Task requirements:
Set down all of the entries below exactly, and omit the pictures.
::::::::
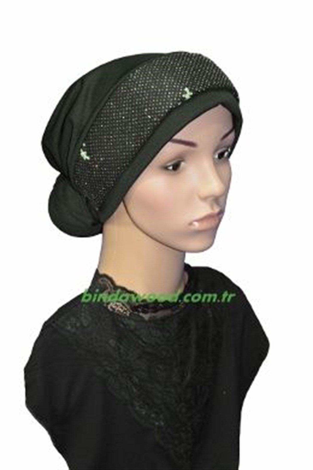 Siyah Pullu Bantlı Topuzlu Abiye Türban Bone modeli her mevsim uygun alanlarda başörtü olarak kullanılabilir
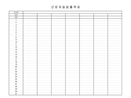 근로자의 일일 출역내역양식입니다.
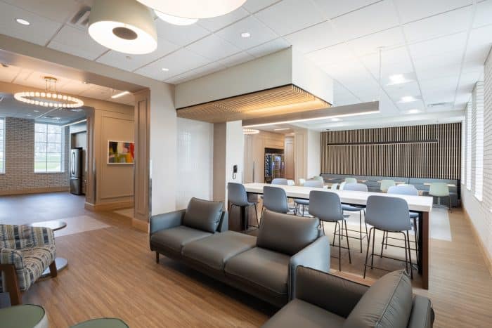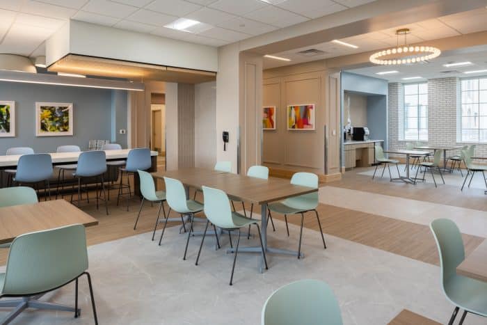 The result is a modern administrative workplace that supports Nemours Children’s Health operations while maintaining the integrity of a historically significant campus structure.
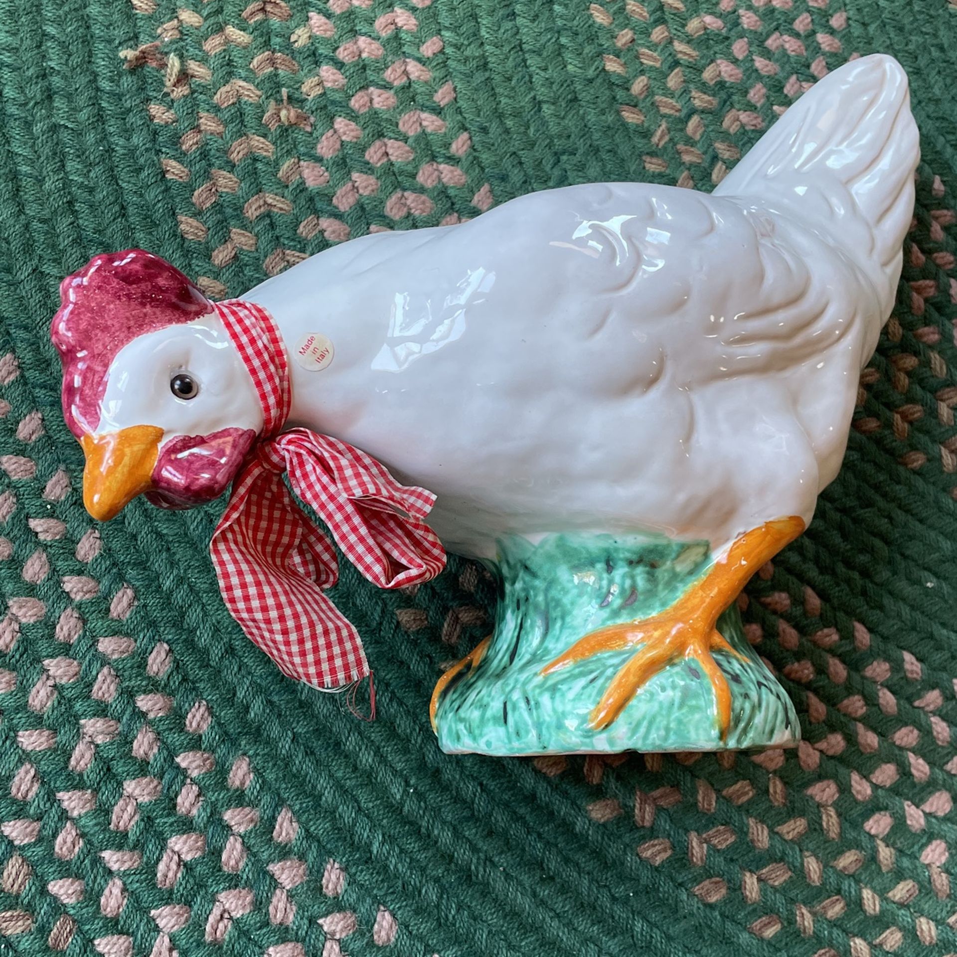 This is a ceramic/terra cotta chicken. In great shape, no chips or cracks. Great decorative piece. Measures approx 13 inches high, 17 inches long. Great for a French country kitchen design.
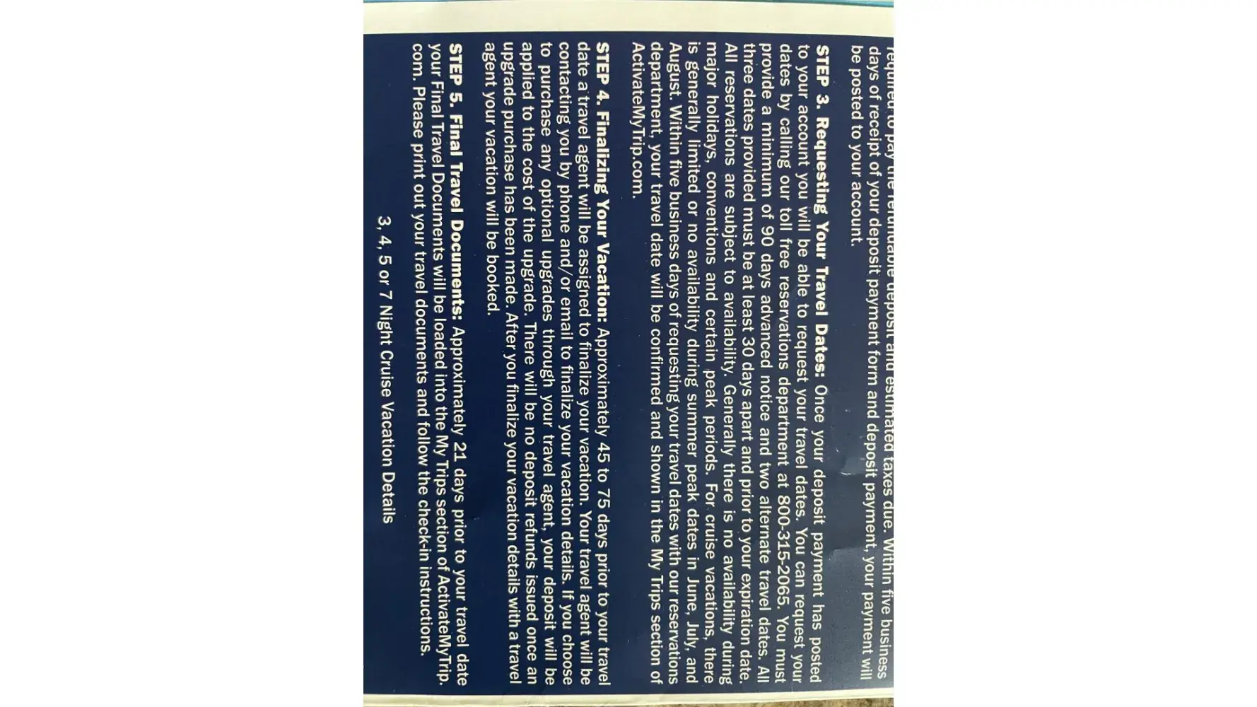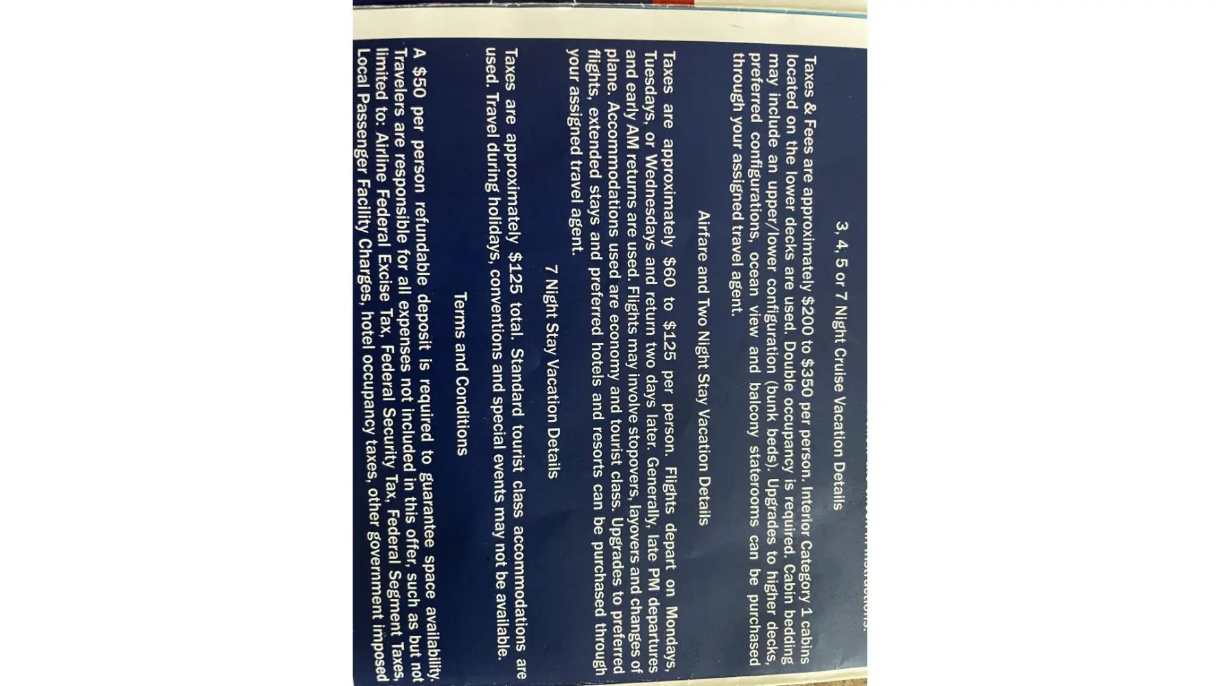 My girlfriend and I had to send out a deposit of $100 in order to redeem for taxes for the promotional trip. We recieved a letter confirming they received our deposit on February 24, 2012. They picked and scheduled our trip date for July 11, 2012 confirming our reservation for travel on that date. they called several times pushing us buy an upgrade for $500 with a room being on the Vegas Strip as oppose to a room 15miles away from The Strip.
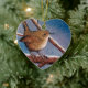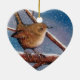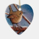 ORNEMENT CŒUR EN CÉRAMIQUE ROITELET EN HIVER : PASTEL D'HUILE : ORNEMENT
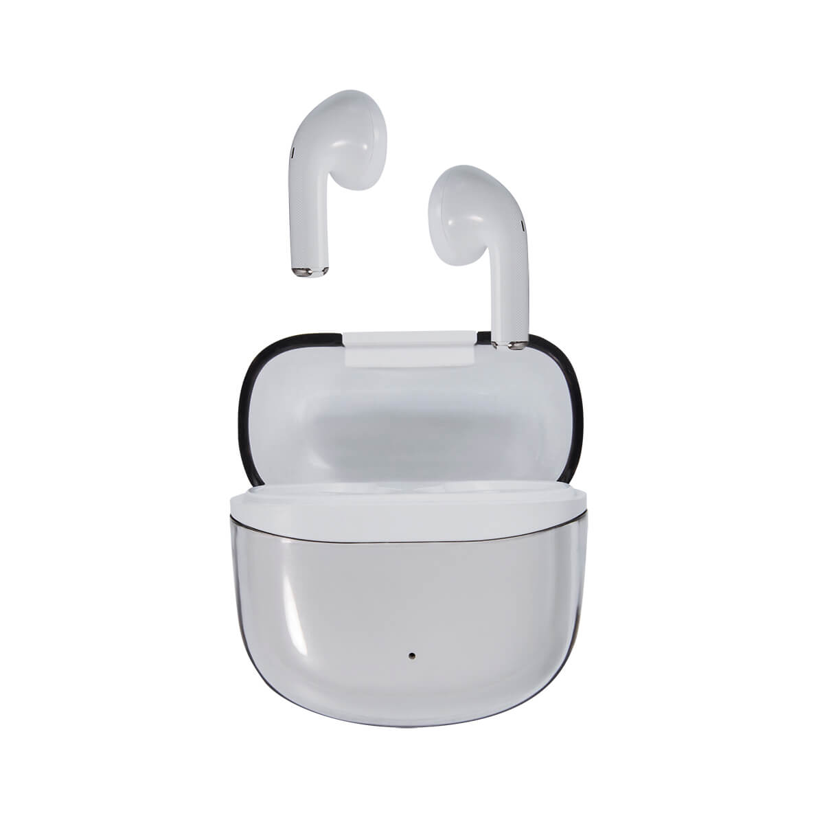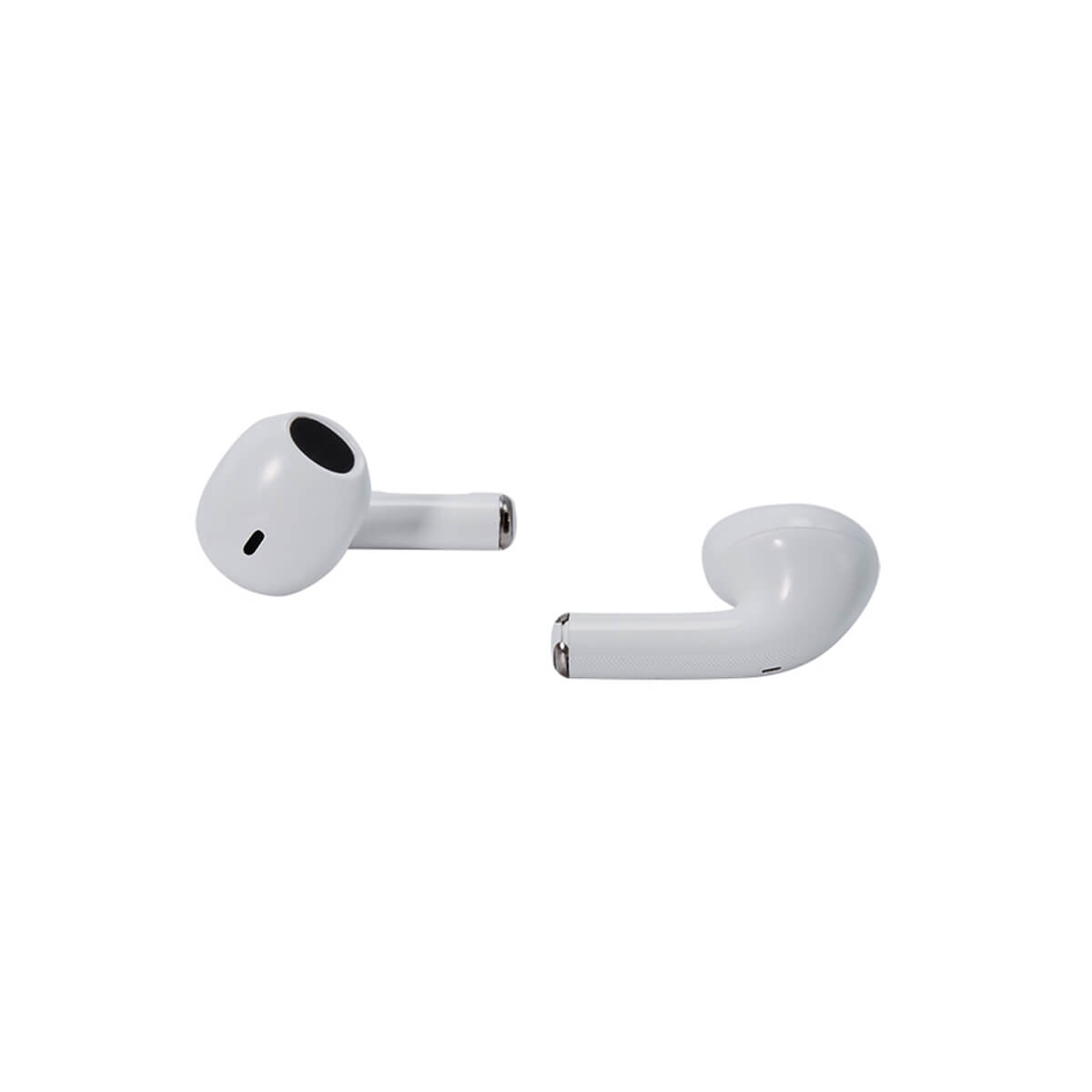 Audífonos bluetooth con base recargable. Controles integrados touch para llamadas, volumen y reproducción de audio. Reproducción de música 2 a 3 hrs aproximadamente. Rango de conexión de 10 metros. Incluye estuche de carga y cable cargador USB.
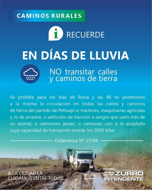 A efectos de proteger la red de caminos rurales del partido, especialmente durante el período crítico que sigue a las lluvias, se informa que durante las próximas 72 hs, (lunes, martes y miércoles) está prohibido la circulación con tractores y maquinaria agrícola, camiones con una capacidad de carga superior a los 5,000 kilos. y vehículos de tracción a sangre que utilicen más de un animal.
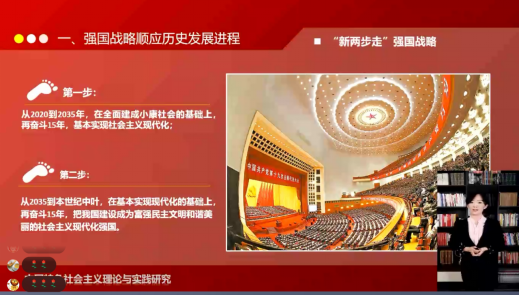就“强国战略顺应历史发展进程”,张青老师向我们展示了建成社会主义现代化强国的战略安排的历史脉络,让我们清晰地了解了强国战略的历史传承性与与时俱进性。
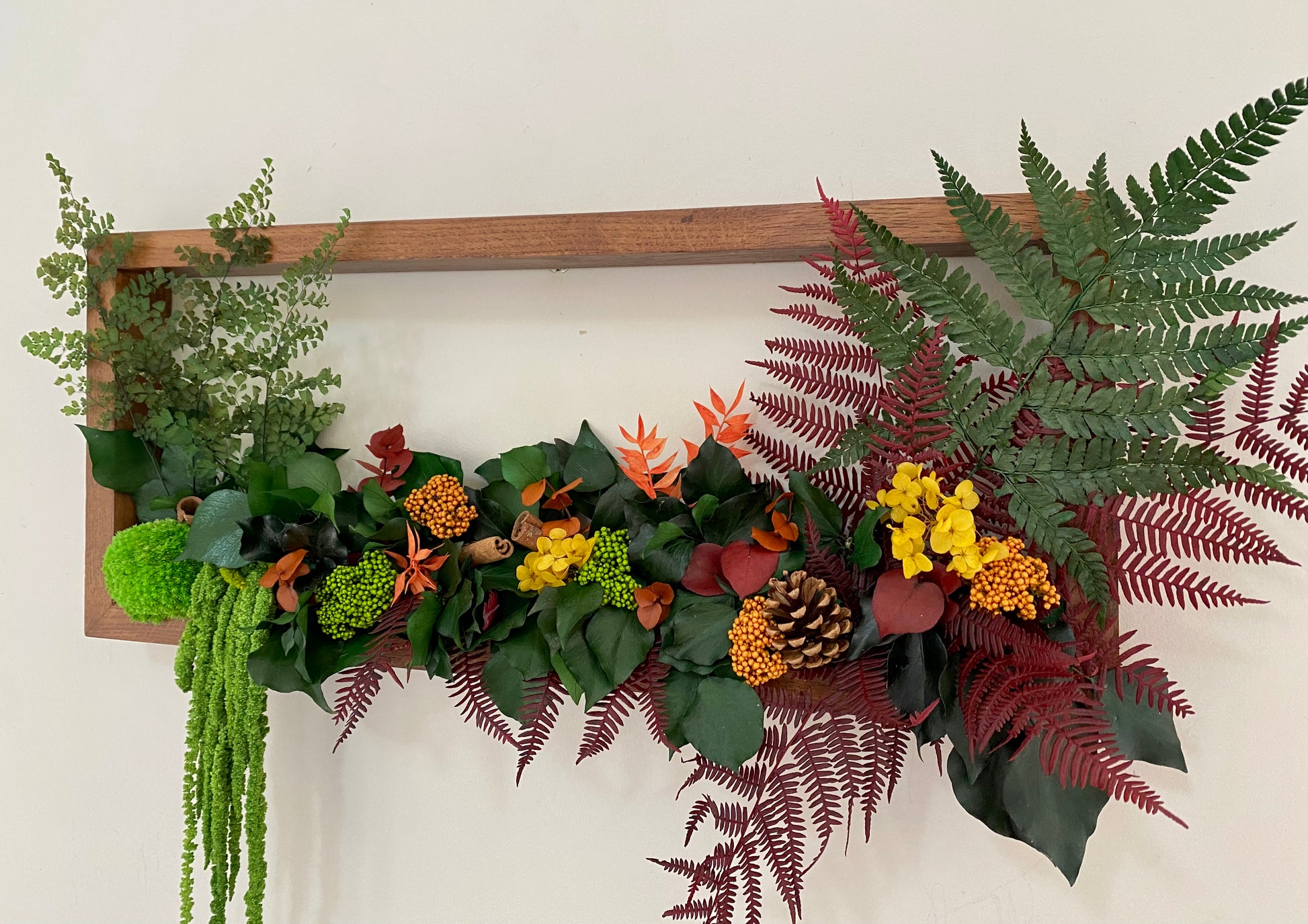 - 11 variétés différentes de plantes stabilisées : mousse boule, amarante, lierre, fougère verte & grenat, ruscus blanc & orange, capillaires, diosmi orange & vert, et lichens et 2 d'éléments séchés comme la cannelle ou la pomme de pin.
::::::::
Solution to the problem:
 Siyah Pullu Bantlı Topuzlu Abiye Türban Bone modeli her mevsim uygun alanlarda başörtü olarak kullanılabilir
 근로자의 일일 출역내역양식입니다.
 The result is a modern administrative workplace that supports Nemours Children’s Health operations while maintaining the integrity of a historically significant campus structure.
 This is a ceramic/terra cotta chicken. In great shape, no chips or cracks. Great decorative piece. Measures approx 13 inches high, 17 inches long. Great for a French country kitchen design.
 My girlfriend and I had to send out a deposit of $100 in order to redeem for taxes for the promotional trip. We recieved a letter confirming they received our deposit on February 24, 2012. They picked and scheduled our trip date for July 11, 2012 confirming our reservation for travel on that date. they called several times pushing us buy an upgrade for $500 with a room being on the Vegas Strip as oppose to a room 15miles away from The Strip.
 ORNEMENT CŒUR EN CÉRAMIQUE ROITELET EN HIVER : PASTEL D'HUILE : ORNEMENT
 Audífonos bluetooth con base recargable. Controles integrados touch para llamadas, volumen y reproducción de audio. Reproducción de música 2 a 3 hrs aproximadamente. Rango de conexión de 10 metros. Incluye estuche de carga y cable cargador USB.
 A efectos de proteger la red de caminos rurales del partido, especialmente durante el período crítico que sigue a las lluvias, se informa que durante las próximas 72 hs, (lunes, martes y miércoles) está prohibido la circulación con tractores y maquinaria agrícola, camiones con una capacidad de carga superior a los 5,000 kilos. y vehículos de tracción a sangre que utilicen más de un animal.
就“强国战略顺应历史发展进程”,张青老师向我们展示了建成社会主义现代化强国的战略安排的历史脉络,让我们清晰地了解了强国战略的历史传承性与与时俱进性。
 - 11 variétés différentes de plantes stabilisées : mousse boule, amarante, lierre, fougère verte & grenat, ruscus blanc & orange, capillaires, diosmi orange & vert, et lichens et 2 d'éléments séchés comme la cannelle ou la pomme de pin.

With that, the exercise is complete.